__RECORDS__
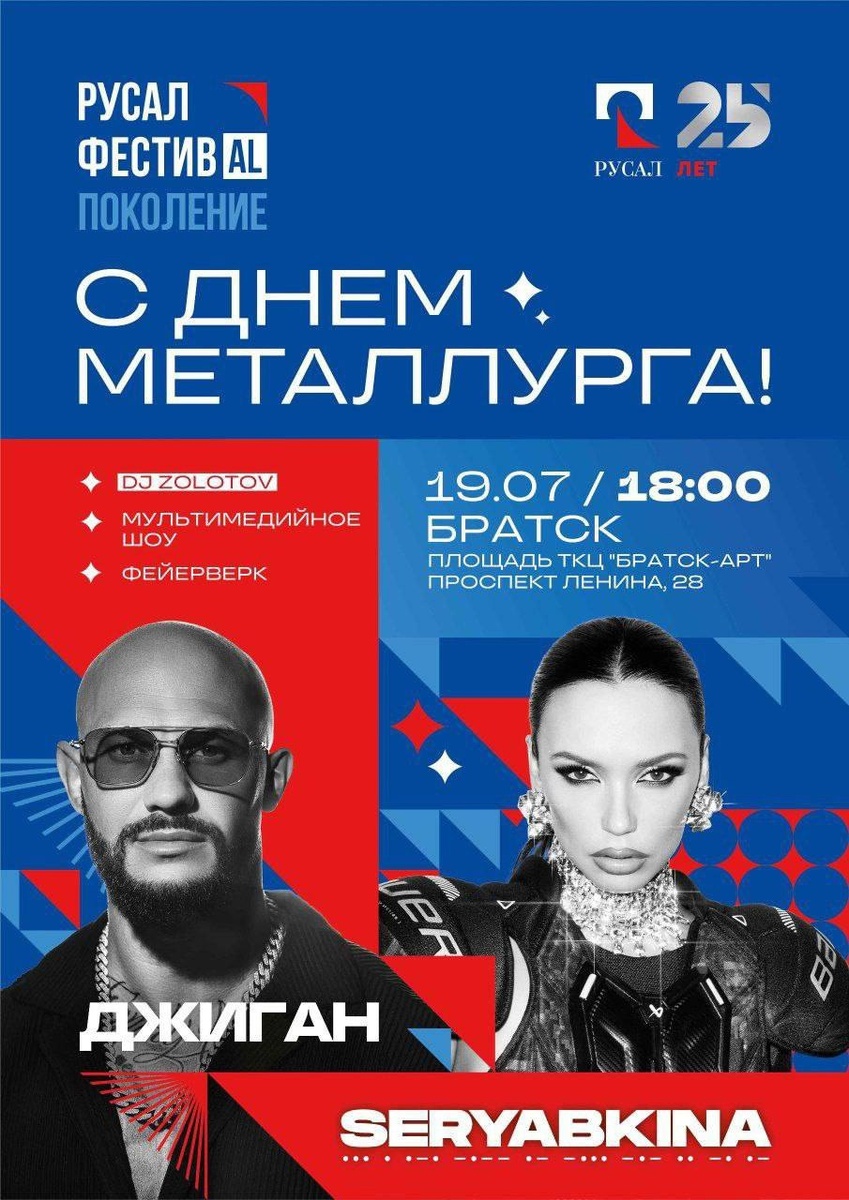 SERYABKINA и ДЖИГАН будут выступать на дне металлурга в Братске
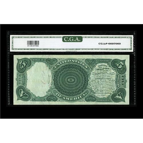 <B>Fr. 81 $5 1880 Legal Tender Courtesy Autograph CGA Gem Uncirculated 66.</B></I> An absolutely lovely 1880 Pioneer Five, with easily seen deep, original embossing as well as broad margins and perfect colors. Fr. 81 is a considerably scarcer note, with only about 75 examples known, as compared to over 200 for its type-mate Fr. 80. This note has the distinction of being autographed by former Treasurer of the United States D.N. Morgan.
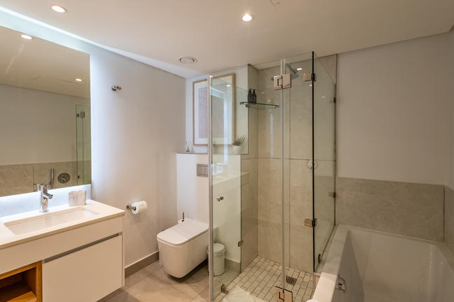 The elegant bathroom includes a walk-in shower, bathtub, double basins, and toilet, providing a spa-like experience. Guests staying in the Executive Room also enjoy complimentary access to the Executive Lounge, offering an exclusive space to unwind or work in style.
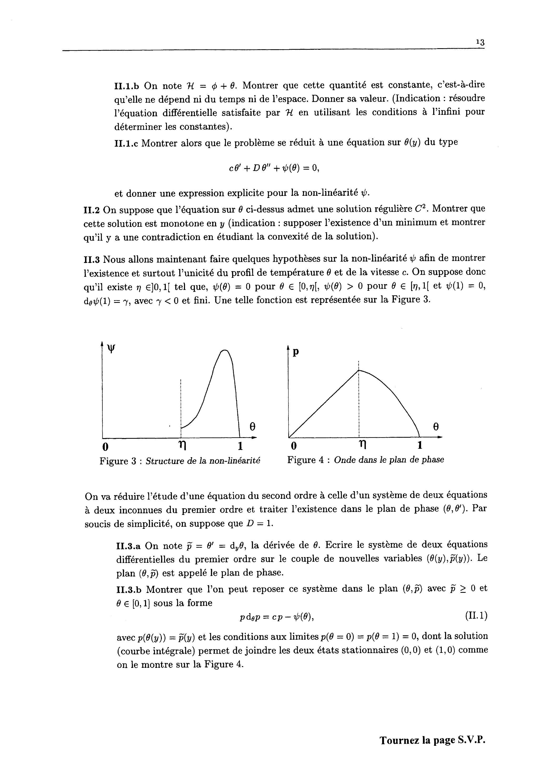 II. 3 Il s'agit de montrer que l'équation simplifiée (II.5) est un "bon modèle" et d'en déduire le comportement qualitatif général de la solution de (II.1-II.2).
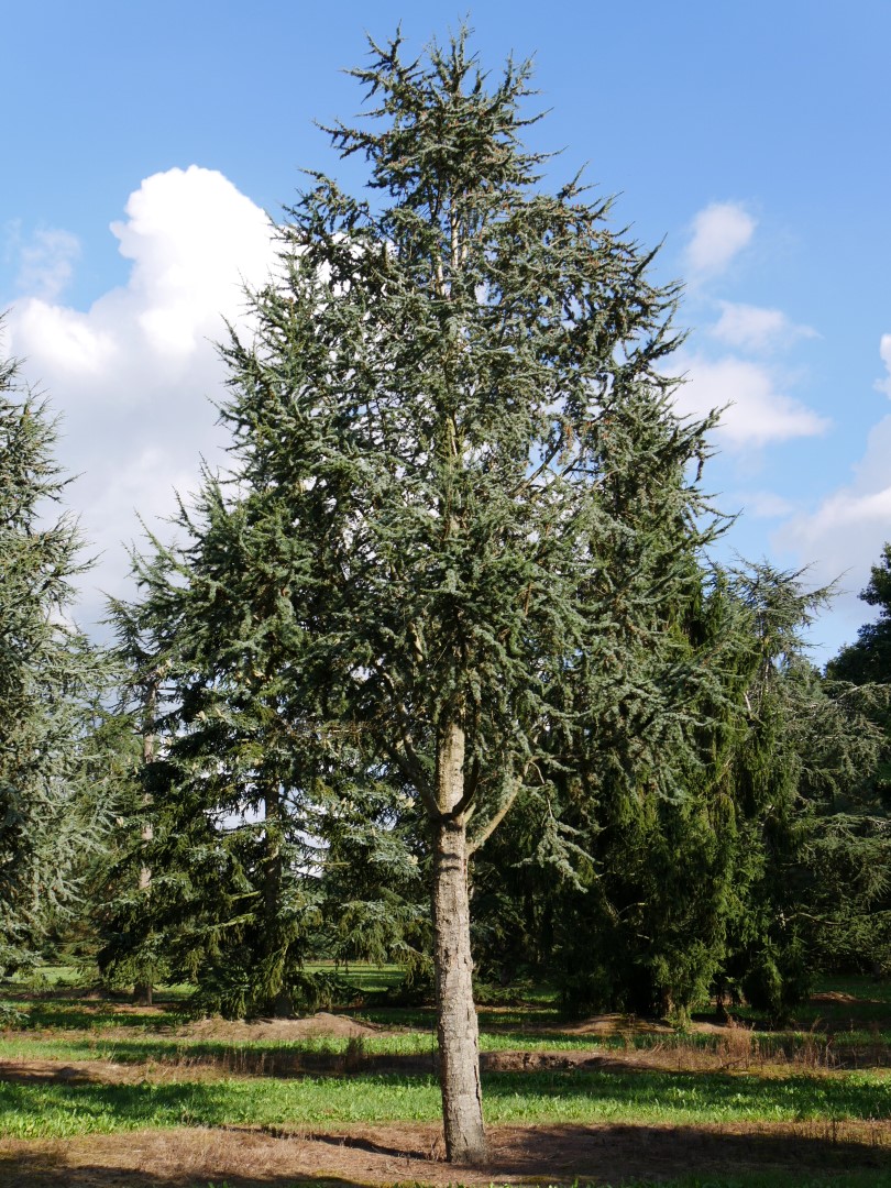 Cedrus libani 'Glauca Fastigiata' bloeit in september.
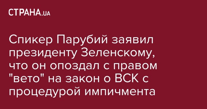 В пятницу, 5 июля, спикер Рады Андрей Парубий заявил президенту Украины Владимиру Зеленскому, что он больше не имеет права ветировать закон о временных следственных комиссиях, в котором содержатся положения о процедуре его импичмента.
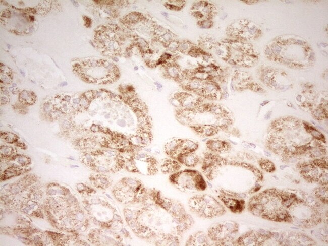 - Immunohistochemical staining of paraffin-embedded human Kidney tissue within the normal limits using anti-MRRF mouse monoclonal antibody. (Heat-induced epitope retrieval by 1 mM EDTA in 10mM Tris, pH8.5, 120°C for 3min, TA806103)
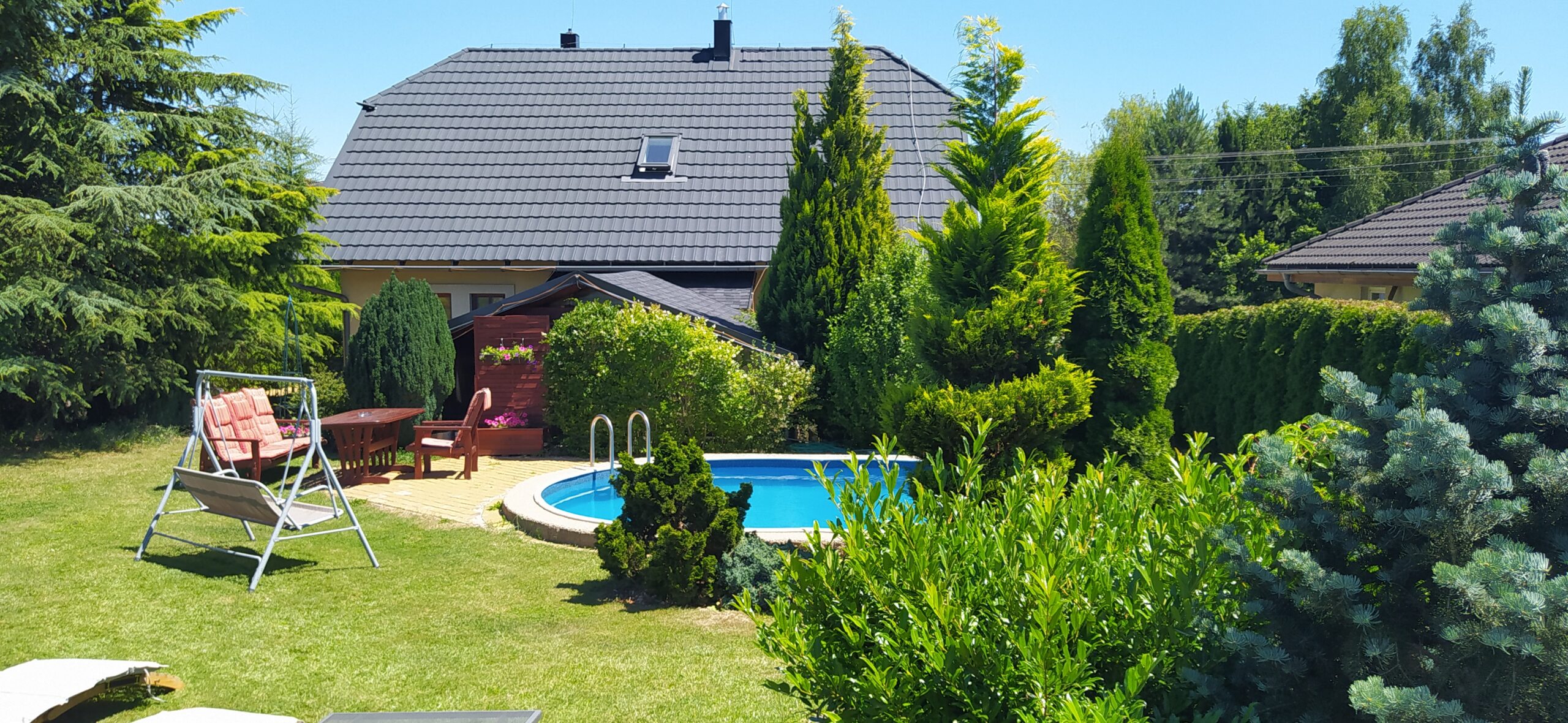 Posezení a relaxace v upravené zahradě.
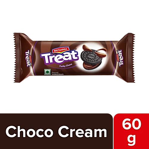 Britannia Treat Choco Crème with choocolatee Biscuits are packed with delicious choco crème to delight kids. The smooth filling inside is so soft and lickable, making these biscuits irresistibly tasty.
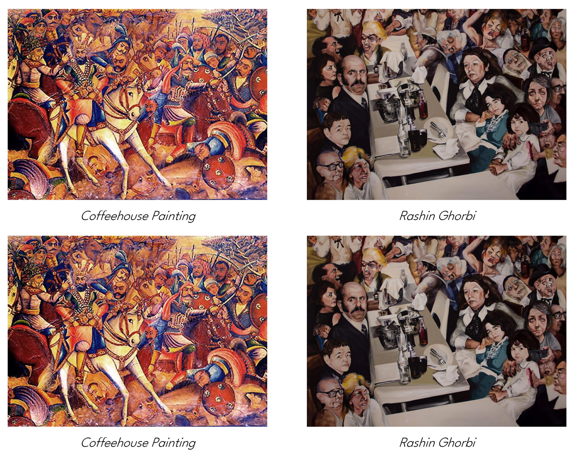 At its peak, Rashin Ghorbi’s pieces can be compared to the pinnacle of coffeehouse painting, and this comparison is precisely what is presented here as an example.
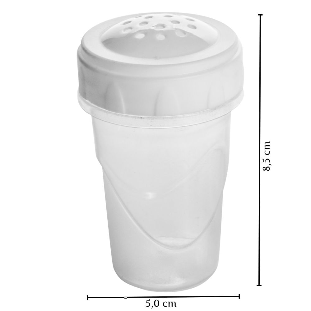 Conjunto Com 2 Potes Plásticos Incolores Com Tampa De Rosca Branca, Sendo 1 Com Diversas Perfurações, Indicada Para Sal E Pimenta E 1 Com Perfuração Única, Indicada Para Palitos De Dente. Ambos Têm Capacidade Para 90 Ml E São Produzidos Pela Plasútil Em Material Atóxico, Livre De Bisfenol-a (bpa Free) Em Sua Composição E Podem Ser Levados Ao Freezer E Ao Micro-ondas Com Total Segurança À Saúde. Seu Design Compacto Facilita O Armazenamento Em Qualquer Lugar, Tornando Sua Rotina Mais Prática.
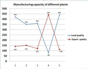 एक कंपनी के पास स्पेयर पार्ट विनिर्माण के लिए पाँच संयंत्र हैं। प्रत्येक संयंत्र स्थानीय गुणवत्ता और निर्यात गुणवत्ता का विनिर्माण करता है। उच्चतम विनिर्माण संयंत्र की स्थानीय गुणवत्ता और निर्यात गुणवत्ता वाली इकाइयों के उत्पादन का अनुपात क्या है?

__ACTION ITEM__
In the records above, everything from the line with "<B>Fr. 81 $5" down to the line with "- Immunohistochemical staining" must be duplicated exactly, both lines kept. Leave no pictures in.

__SOLUTION TO THE EXERCISE__
 <B>Fr. 81 $5 1880 Legal Tender Courtesy Autograph CGA Gem Uncirculated 66.</B></I> An absolutely lovely 1880 Pioneer Five, with easily seen deep, original embossing as well as broad margins and perfect colors. Fr. 81 is a considerably scarcer note, with only about 75 examples known, as compared to over 200 for its type-mate Fr. 80. This note has the distinction of being autographed by former Treasurer of the United States D.N. Morgan.
 The elegant bathroom includes a walk-in shower, bathtub, double basins, and toilet, providing a spa-like experience. Guests staying in the Executive Room also enjoy complimentary access to the Executive Lounge, offering an exclusive space to unwind or work in style.
 II. 3 Il s'agit de montrer que l'équation simplifiée (II.5) est un "bon modèle" et d'en déduire le comportement qualitatif général de la solution de (II.1-II.2).
 Cedrus libani 'Glauca Fastigiata' bloeit in september.
 В пятницу, 5 июля, спикер Рады Андрей Парубий заявил президенту Украины Владимиру Зеленскому, что он больше не имеет права ветировать закон о временных следственных комиссиях, в котором содержатся положения о процедуре его импичмента.
 - Immunohistochemical staining of paraffin-embedded human Kidney tissue within the normal limits using anti-MRRF mouse monoclonal antibody. (Heat-induced epitope retrieval by 1 mM EDTA in 10mM Tris, pH8.5, 120°C for 3min, TA806103)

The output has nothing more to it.